Material for this exercise Block Start
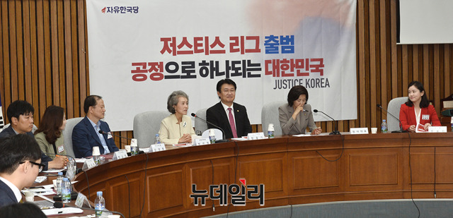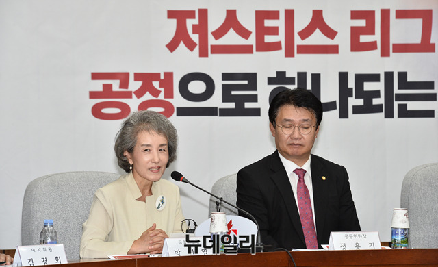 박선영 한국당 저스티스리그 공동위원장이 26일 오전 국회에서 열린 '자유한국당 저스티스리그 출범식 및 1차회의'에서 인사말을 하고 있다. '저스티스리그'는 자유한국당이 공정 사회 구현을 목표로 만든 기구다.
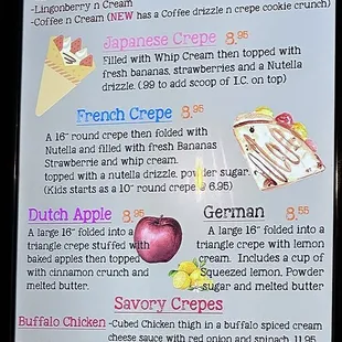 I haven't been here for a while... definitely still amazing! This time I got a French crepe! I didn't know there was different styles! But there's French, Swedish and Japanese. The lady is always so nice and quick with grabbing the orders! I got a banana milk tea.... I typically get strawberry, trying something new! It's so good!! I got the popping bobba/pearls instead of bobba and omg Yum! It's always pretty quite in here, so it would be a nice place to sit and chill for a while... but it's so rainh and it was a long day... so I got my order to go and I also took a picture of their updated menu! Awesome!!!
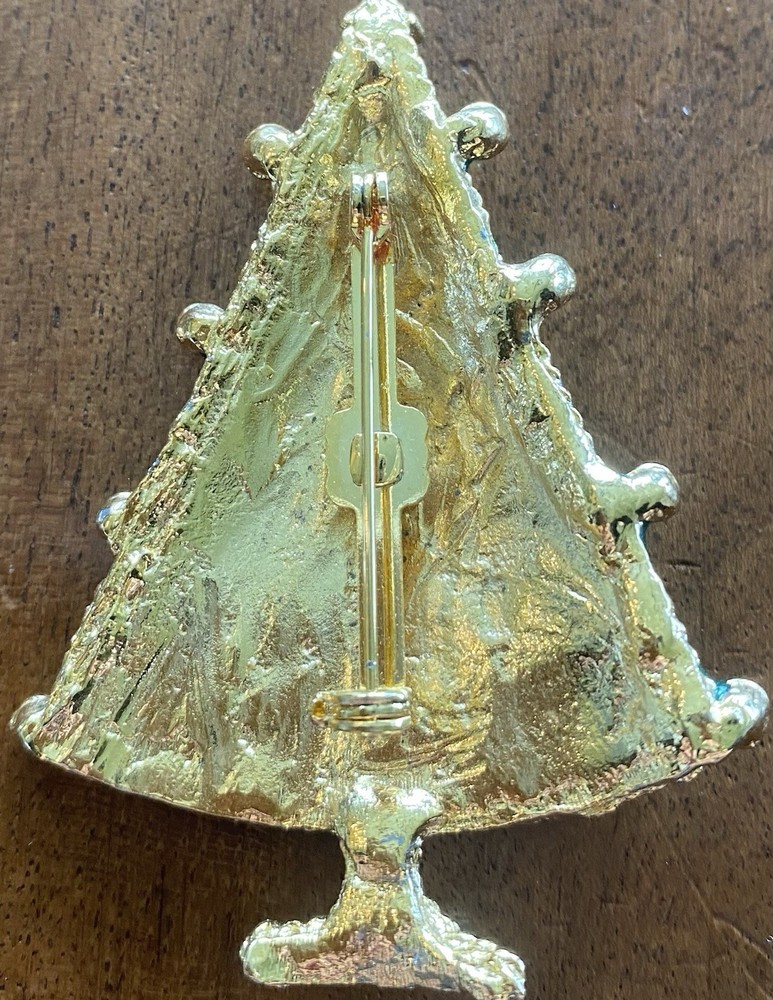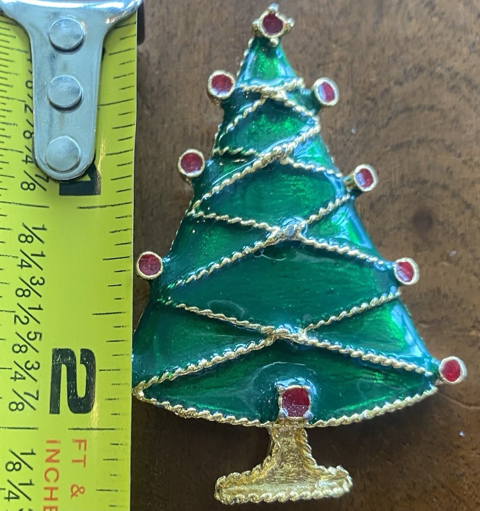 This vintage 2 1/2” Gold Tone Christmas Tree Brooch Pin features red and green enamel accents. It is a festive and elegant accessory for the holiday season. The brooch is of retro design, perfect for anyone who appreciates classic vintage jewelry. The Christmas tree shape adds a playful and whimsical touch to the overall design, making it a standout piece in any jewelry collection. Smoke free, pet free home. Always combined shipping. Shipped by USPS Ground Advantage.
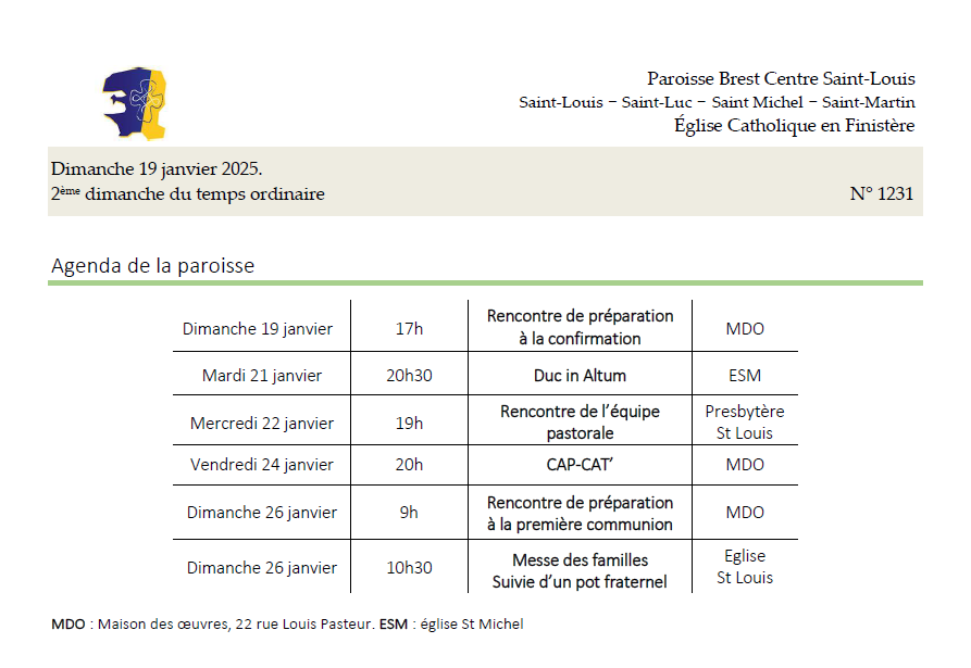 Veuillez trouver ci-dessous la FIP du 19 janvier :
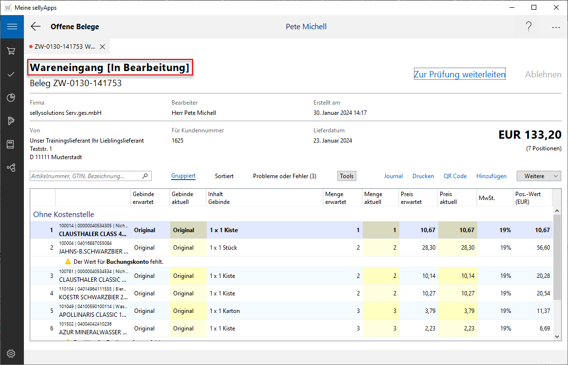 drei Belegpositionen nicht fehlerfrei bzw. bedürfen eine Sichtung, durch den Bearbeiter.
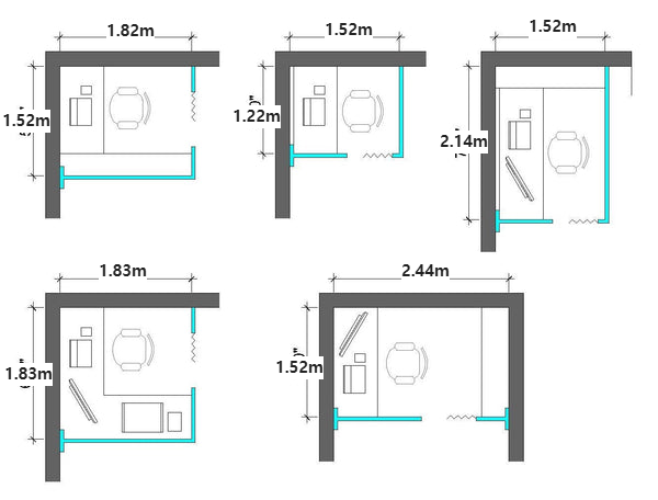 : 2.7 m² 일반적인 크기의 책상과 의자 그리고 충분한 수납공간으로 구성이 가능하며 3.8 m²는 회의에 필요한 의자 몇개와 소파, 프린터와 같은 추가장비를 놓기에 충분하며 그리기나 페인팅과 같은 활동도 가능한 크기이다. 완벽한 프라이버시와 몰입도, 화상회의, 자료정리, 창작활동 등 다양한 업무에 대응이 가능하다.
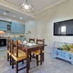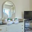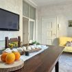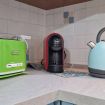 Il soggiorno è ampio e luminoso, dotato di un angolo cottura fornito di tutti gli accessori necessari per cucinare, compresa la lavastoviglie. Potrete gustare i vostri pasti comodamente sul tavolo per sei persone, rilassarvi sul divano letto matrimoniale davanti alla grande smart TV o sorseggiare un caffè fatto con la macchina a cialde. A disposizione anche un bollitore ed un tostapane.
Material for this exercise Block End
Task to complete => Give again, please, precisely the lines that begin the records and run through the line with "drei Belegpositionen nicht" in it, keeping both end lines and dropping any pictures.

Exercise answer =>
 박선영 한국당 저스티스리그 공동위원장이 26일 오전 국회에서 열린 '자유한국당 저스티스리그 출범식 및 1차회의'에서 인사말을 하고 있다. '저스티스리그'는 자유한국당이 공정 사회 구현을 목표로 만든 기구다.
 I haven't been here for a while... definitely still amazing! This time I got a French crepe! I didn't know there was different styles! But there's French, Swedish and Japanese. The lady is always so nice and quick with grabbing the orders! I got a banana milk tea.... I typically get strawberry, trying something new! It's so good!! I got the popping bobba/pearls instead of bobba and omg Yum! It's always pretty quite in here, so it would be a nice place to sit and chill for a while... but it's so rainh and it was a long day... so I got my order to go and I also took a picture of their updated menu! Awesome!!!
 This vintage 2 1/2” Gold Tone Christmas Tree Brooch Pin features red and green enamel accents. It is a festive and elegant accessory for the holiday season. The brooch is of retro design, perfect for anyone who appreciates classic vintage jewelry. The Christmas tree shape adds a playful and whimsical touch to the overall design, making it a standout piece in any jewelry collection. Smoke free, pet free home. Always combined shipping. Shipped by USPS Ground Advantage.
 Veuillez trouver ci-dessous la FIP du 19 janvier :
 drei Belegpositionen nicht fehlerfrei bzw. bedürfen eine Sichtung, durch den Bearbeiter.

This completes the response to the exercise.